Task inputs:
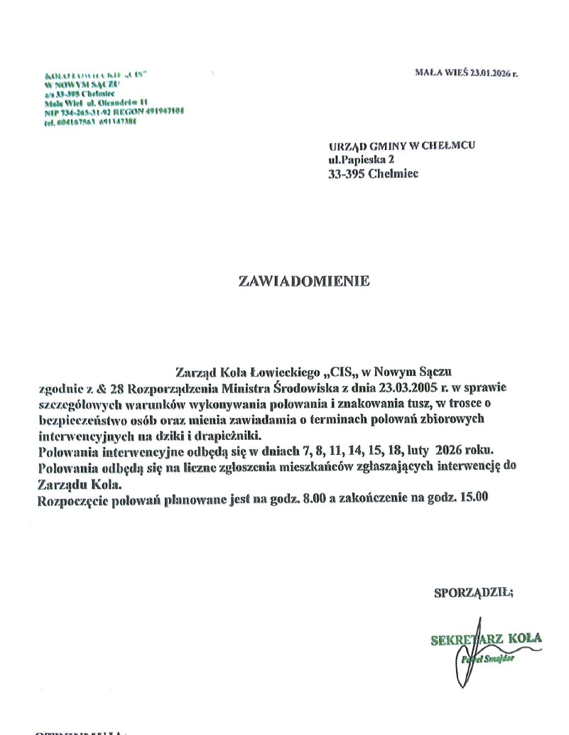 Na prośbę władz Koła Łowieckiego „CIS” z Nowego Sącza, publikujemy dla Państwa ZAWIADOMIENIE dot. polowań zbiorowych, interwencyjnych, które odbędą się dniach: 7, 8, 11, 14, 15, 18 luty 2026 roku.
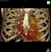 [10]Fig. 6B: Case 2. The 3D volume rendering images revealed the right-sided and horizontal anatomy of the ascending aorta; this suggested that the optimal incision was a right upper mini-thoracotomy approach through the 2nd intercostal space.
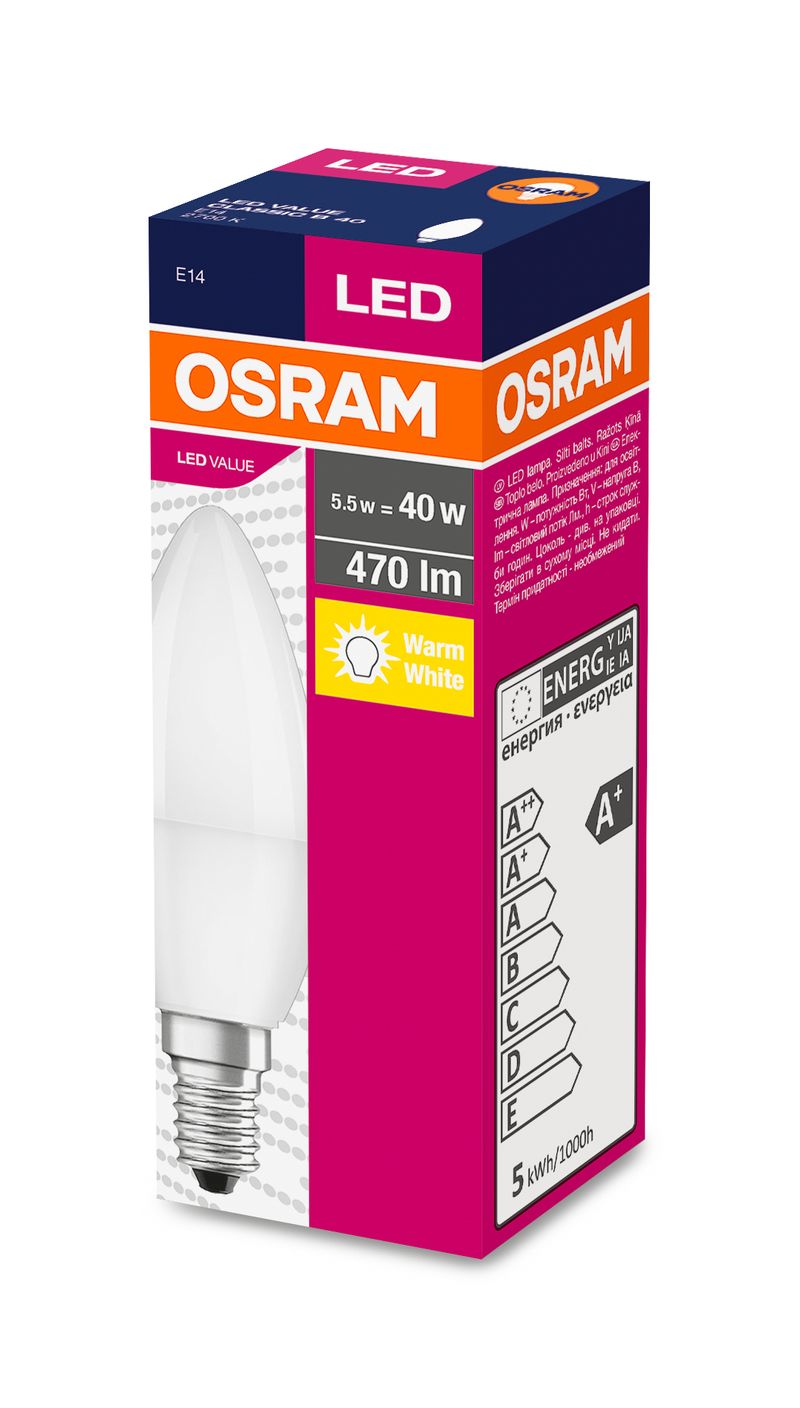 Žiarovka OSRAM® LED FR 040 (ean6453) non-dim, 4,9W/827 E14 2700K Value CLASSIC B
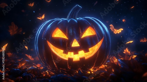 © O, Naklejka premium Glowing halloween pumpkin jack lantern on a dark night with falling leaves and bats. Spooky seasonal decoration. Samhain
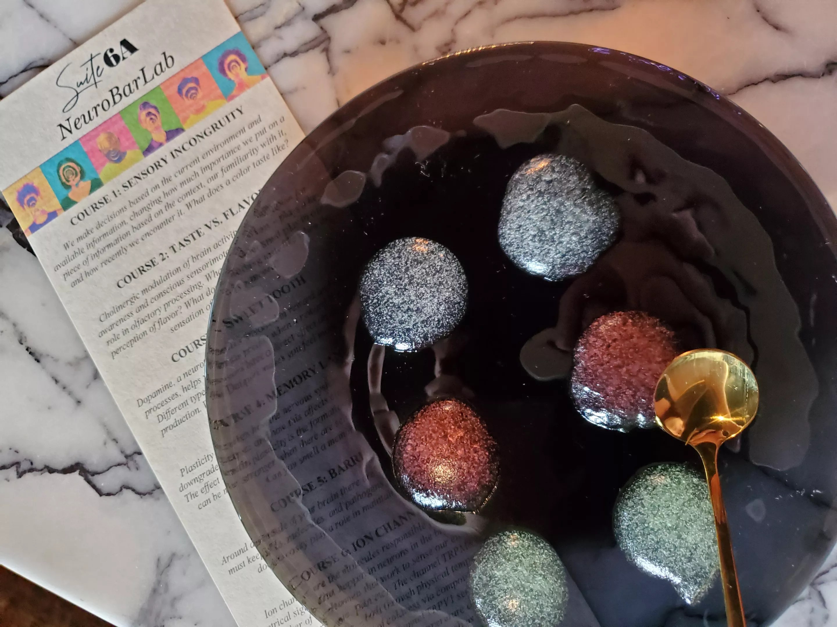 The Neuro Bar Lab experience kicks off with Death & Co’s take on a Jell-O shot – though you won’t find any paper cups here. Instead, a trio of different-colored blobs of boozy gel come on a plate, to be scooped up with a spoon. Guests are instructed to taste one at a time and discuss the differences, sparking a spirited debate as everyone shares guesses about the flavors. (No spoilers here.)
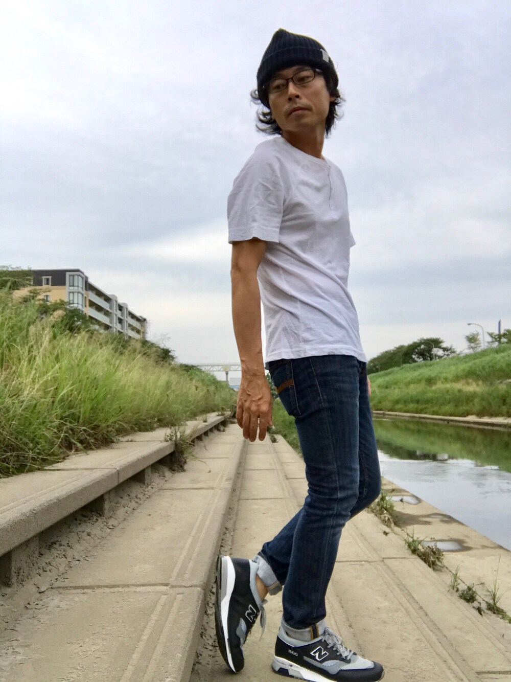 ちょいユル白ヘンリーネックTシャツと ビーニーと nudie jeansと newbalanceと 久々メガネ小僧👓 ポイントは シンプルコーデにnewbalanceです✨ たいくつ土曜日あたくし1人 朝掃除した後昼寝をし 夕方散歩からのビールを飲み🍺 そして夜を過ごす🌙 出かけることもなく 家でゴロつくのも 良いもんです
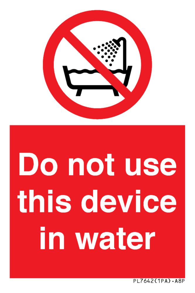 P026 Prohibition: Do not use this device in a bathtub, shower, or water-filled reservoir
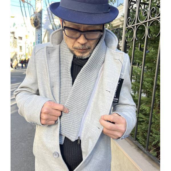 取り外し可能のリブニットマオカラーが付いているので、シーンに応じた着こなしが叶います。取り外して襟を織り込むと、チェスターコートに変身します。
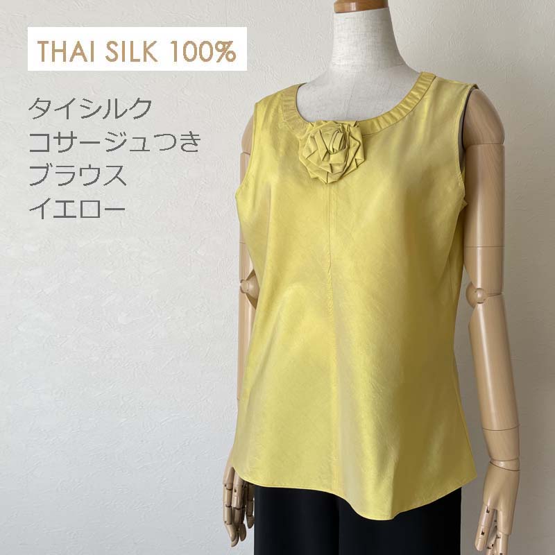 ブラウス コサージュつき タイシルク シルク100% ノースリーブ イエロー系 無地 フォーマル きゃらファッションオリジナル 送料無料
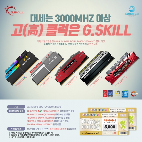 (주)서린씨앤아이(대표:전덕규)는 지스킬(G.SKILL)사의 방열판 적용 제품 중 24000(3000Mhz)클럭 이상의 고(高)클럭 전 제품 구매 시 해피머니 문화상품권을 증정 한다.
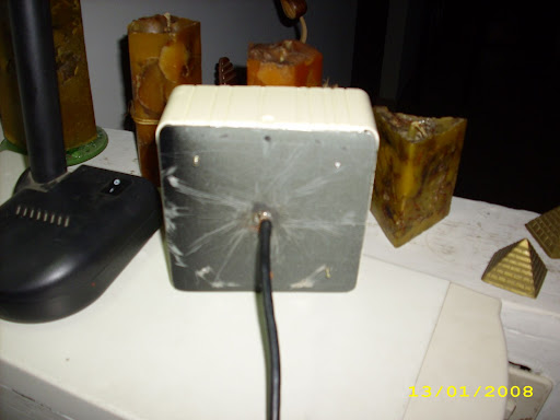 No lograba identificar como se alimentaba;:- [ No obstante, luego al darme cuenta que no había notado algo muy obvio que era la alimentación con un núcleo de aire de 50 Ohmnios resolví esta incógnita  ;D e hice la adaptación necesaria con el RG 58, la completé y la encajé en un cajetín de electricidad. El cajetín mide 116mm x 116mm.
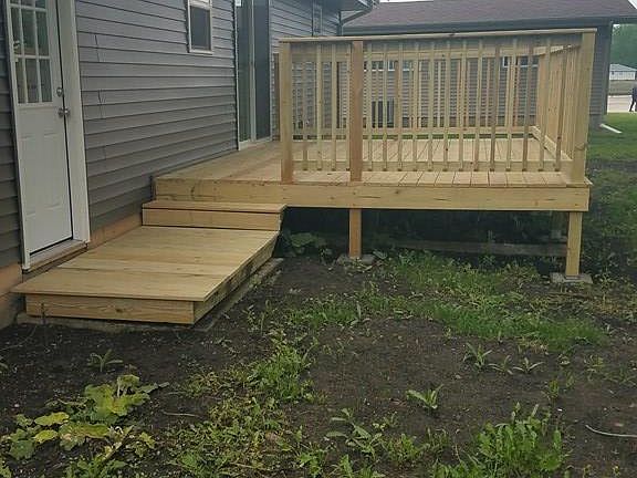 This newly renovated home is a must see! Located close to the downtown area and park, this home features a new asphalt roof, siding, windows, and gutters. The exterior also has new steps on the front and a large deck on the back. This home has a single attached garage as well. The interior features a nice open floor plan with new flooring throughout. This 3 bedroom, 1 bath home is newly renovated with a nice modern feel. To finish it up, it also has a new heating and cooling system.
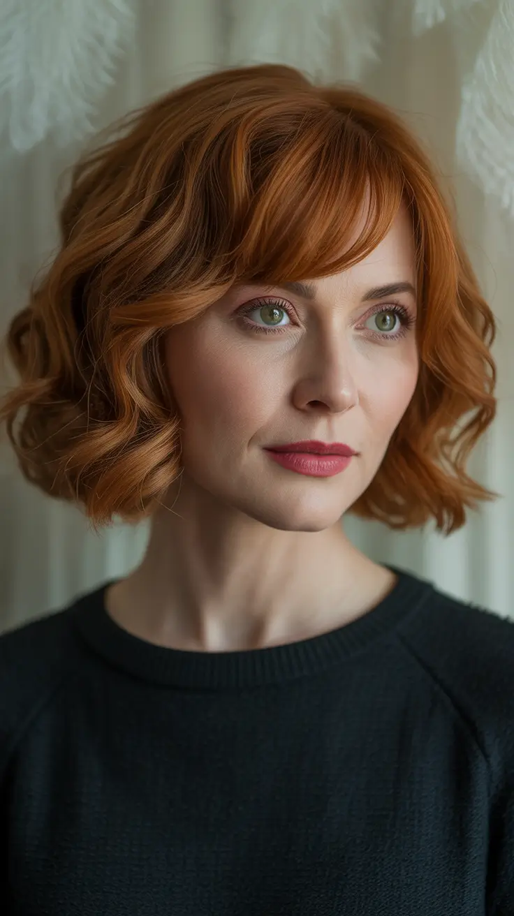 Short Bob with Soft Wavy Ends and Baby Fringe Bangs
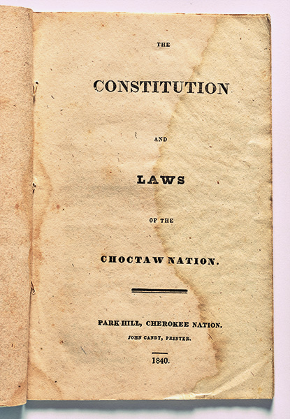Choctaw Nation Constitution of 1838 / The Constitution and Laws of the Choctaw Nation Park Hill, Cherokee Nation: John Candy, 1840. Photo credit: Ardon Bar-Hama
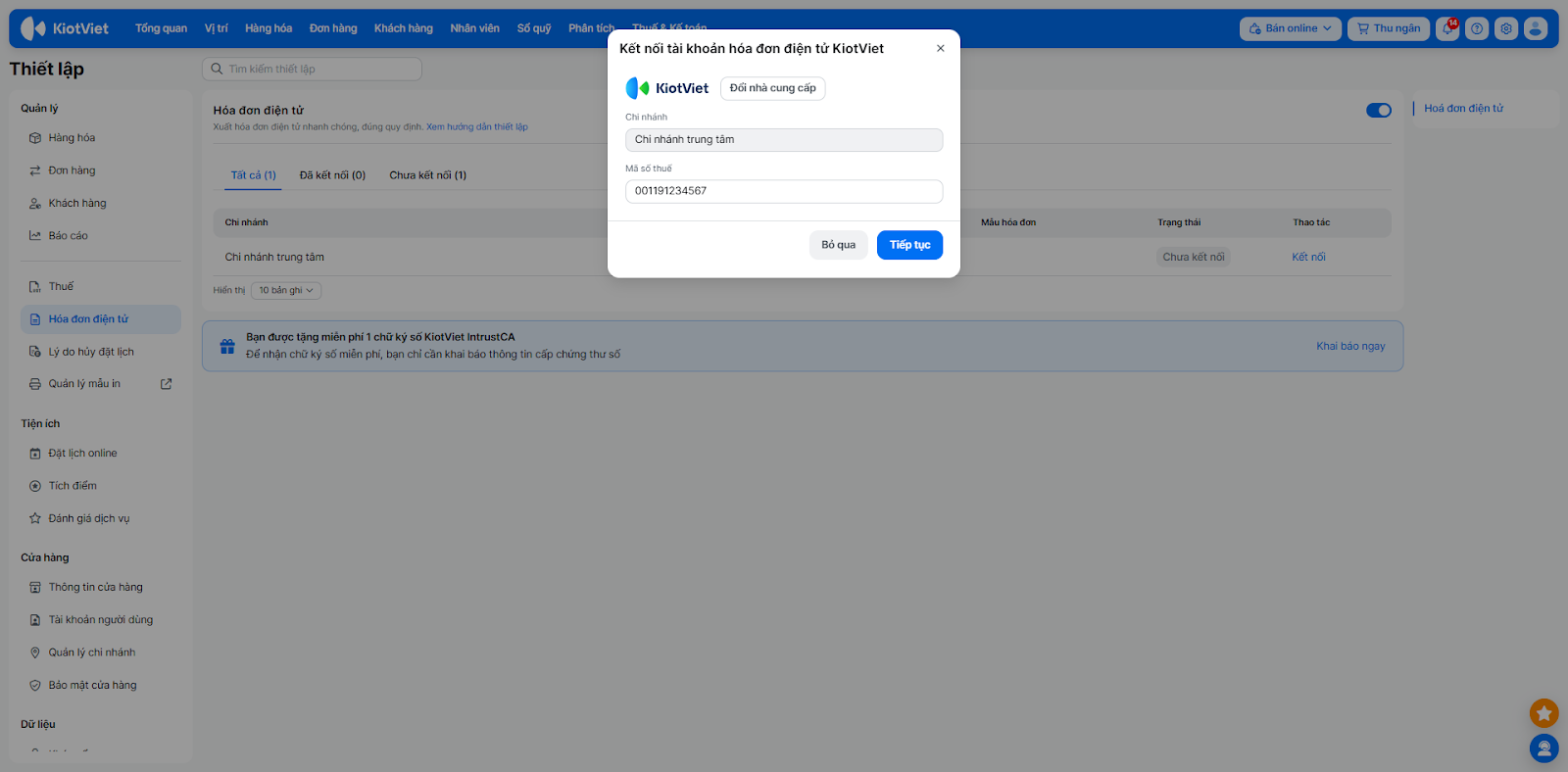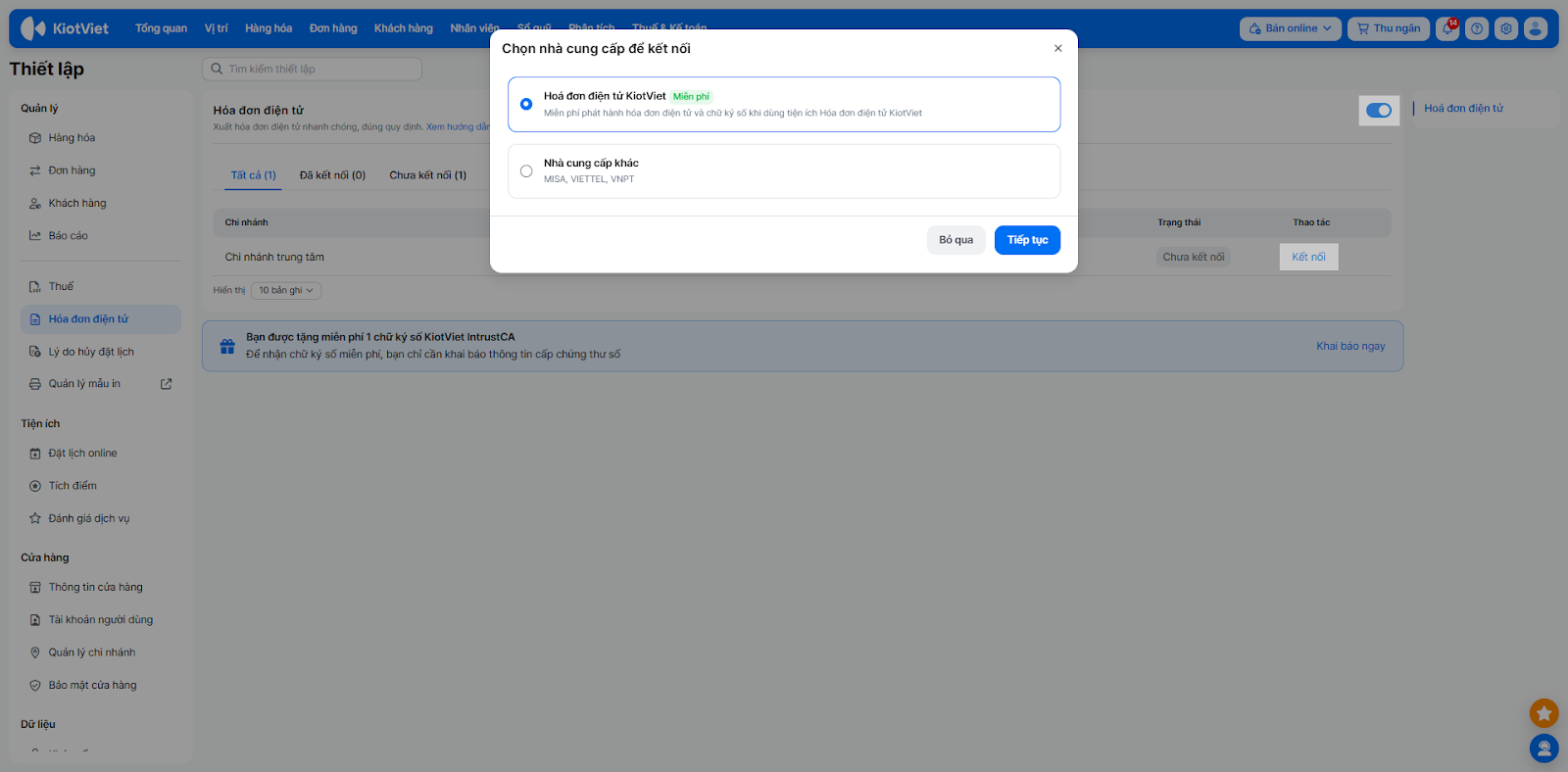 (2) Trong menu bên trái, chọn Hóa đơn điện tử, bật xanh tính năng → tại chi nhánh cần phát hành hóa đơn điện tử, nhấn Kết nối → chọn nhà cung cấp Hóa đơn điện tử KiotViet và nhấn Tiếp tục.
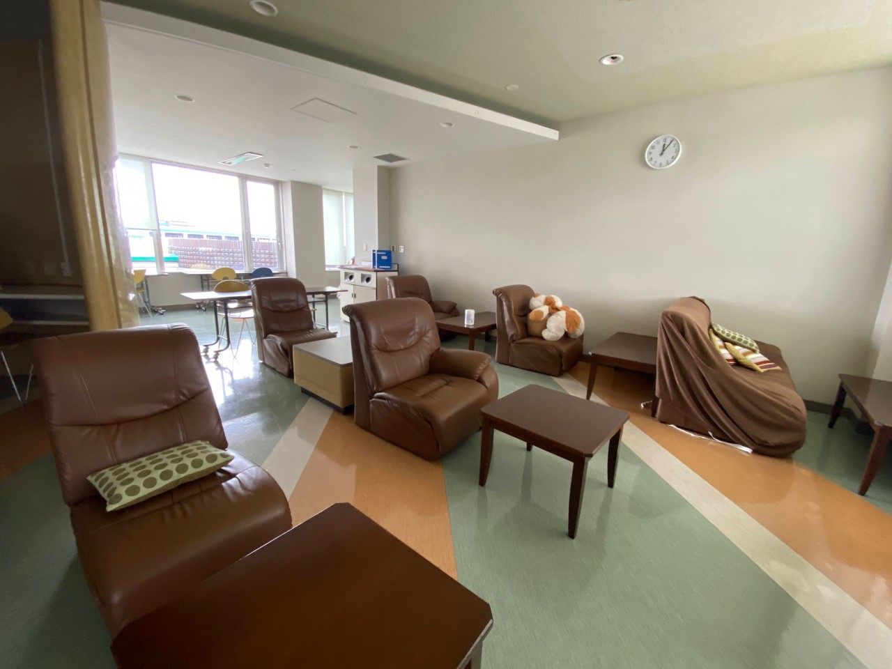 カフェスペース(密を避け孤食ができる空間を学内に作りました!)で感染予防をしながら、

How to complete this task: All entries, top to bottom, should be retyped exactly; the pictures should not be.

Answer space:
 Na prośbę władz Koła Łowieckiego „CIS” z Nowego Sącza, publikujemy dla Państwa ZAWIADOMIENIE dot. polowań zbiorowych, interwencyjnych, które odbędą się dniach: 7, 8, 11, 14, 15, 18 luty 2026 roku.
 [10]Fig. 6B: Case 2. The 3D volume rendering images revealed the right-sided and horizontal anatomy of the ascending aorta; this suggested that the optimal incision was a right upper mini-thoracotomy approach through the 2nd intercostal space.
 Žiarovka OSRAM® LED FR 040 (ean6453) non-dim, 4,9W/827 E14 2700K Value CLASSIC B
 © O, Naklejka premium Glowing halloween pumpkin jack lantern on a dark night with falling leaves and bats. Spooky seasonal decoration. Samhain
 The Neuro Bar Lab experience kicks off with Death & Co’s take on a Jell-O shot – though you won’t find any paper cups here. Instead, a trio of different-colored blobs of boozy gel come on a plate, to be scooped up with a spoon. Guests are instructed to taste one at a time and discuss the differences, sparking a spirited debate as everyone shares guesses about the flavors. (No spoilers here.)
 ちょいユル白ヘンリーネックTシャツと ビーニーと nudie jeansと newbalanceと 久々メガネ小僧👓 ポイントは シンプルコーデにnewbalanceです✨ たいくつ土曜日あたくし1人 朝掃除した後昼寝をし 夕方散歩からのビールを飲み🍺 そして夜を過ごす🌙 出かけることもなく 家でゴロつくのも 良いもんです
 P026 Prohibition: Do not use this device in a bathtub, shower, or water-filled reservoir
 取り外し可能のリブニットマオカラーが付いているので、シーンに応じた着こなしが叶います。取り外して襟を織り込むと、チェスターコートに変身します。
 ブラウス コサージュつき タイシルク シルク100% ノースリーブ イエロー系 無地 フォーマル きゃらファッションオリジナル 送料無料
 (주)서린씨앤아이(대표:전덕규)는 지스킬(G.SKILL)사의 방열판 적용 제품 중 24000(3000Mhz)클럭 이상의 고(高)클럭 전 제품 구매 시 해피머니 문화상품권을 증정 한다.
 No lograba identificar como se alimentaba;:- [ No obstante, luego al darme cuenta que no había notado algo muy obvio que era la alimentación con un núcleo de aire de 50 Ohmnios resolví esta incógnita  ;D e hice la adaptación necesaria con el RG 58, la completé y la encajé en un cajetín de electricidad. El cajetín mide 116mm x 116mm.
 This newly renovated home is a must see! Located close to the downtown area and park, this home features a new asphalt roof, siding, windows, and gutters. The exterior also has new steps on the front and a large deck on the back. This home has a single attached garage as well. The interior features a nice open floor plan with new flooring throughout. This 3 bedroom, 1 bath home is newly renovated with a nice modern feel. To finish it up, it also has a new heating and cooling system.
 Short Bob with Soft Wavy Ends and Baby Fringe Bangs
Choctaw Nation Constitution of 1838 / The Constitution and Laws of the Choctaw Nation Park Hill, Cherokee Nation: John Candy, 1840. Photo credit: Ardon Bar-Hama
 (2) Trong menu bên trái, chọn Hóa đơn điện tử, bật xanh tính năng → tại chi nhánh cần phát hành hóa đơn điện tử, nhấn Kết nối → chọn nhà cung cấp Hóa đơn điện tử KiotViet và nhấn Tiếp tục.
 カフェスペース(密を避け孤食ができる空間を学内に作りました!)で感染予防をしながら、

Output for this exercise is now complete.